Require that value passed in has a certain type:

@ocs_agent.param('name', type=str)  # Accepts '1.0' but rejects float 1.0

Convert incoming data using some casting function:

@ocs_agent.param('name', cast=float)  # Accepts '1.0', converts it to float 1.0

Require the value to be drawn from a limited set of possibilities:

@ocs_agent.param('mode', choices=['current', 'voltage'])  # Rejects other values

Require the value to be between 0 and 24; note that if the check fails, the error message returned to user won’t be detailed… it will simply say that a validity check failed. The docstring has to pick up the slack there.:

@ocs_agent.param('voltage', check=lambda x: 0 <= x <= 24)

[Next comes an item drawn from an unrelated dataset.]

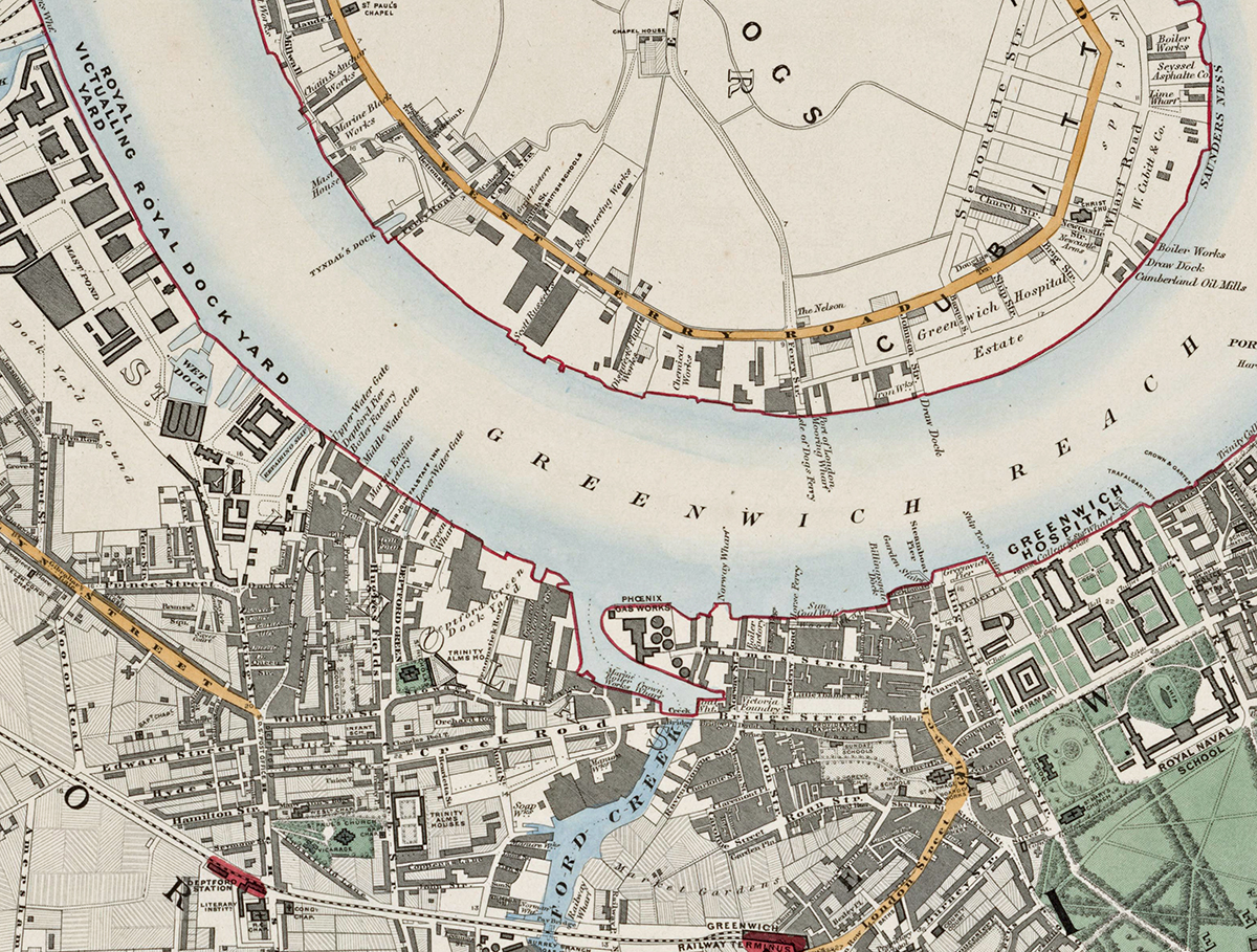 • The Thames, its wharves, and the Royal Naval Dockyard at Deptford are clearly marked.

If the data is passed in, it must be an integer. But if not passed in, default to None.:

@ocs_agent.param('repeat', default=None, type=int)

Validation in the Op function

In the case that more complicated parameter processing is required, the Operation code can raise the special ocs.ocs_agent.ParamError exception to signal failures related to parameter processing. This exception will be caught by the encapsulating code and logged as a special failure rather than a general crash of the thread.

Here’s an example of the implementation in the Agent, for the FakeDataAgent delay_task:

def delay_task(self, session, params):
    try:
        delay = float(params.get('delay', 5))
    except ValueError:
        raise ocs_agent.ParamError("Invalid value for parameter 'delay'")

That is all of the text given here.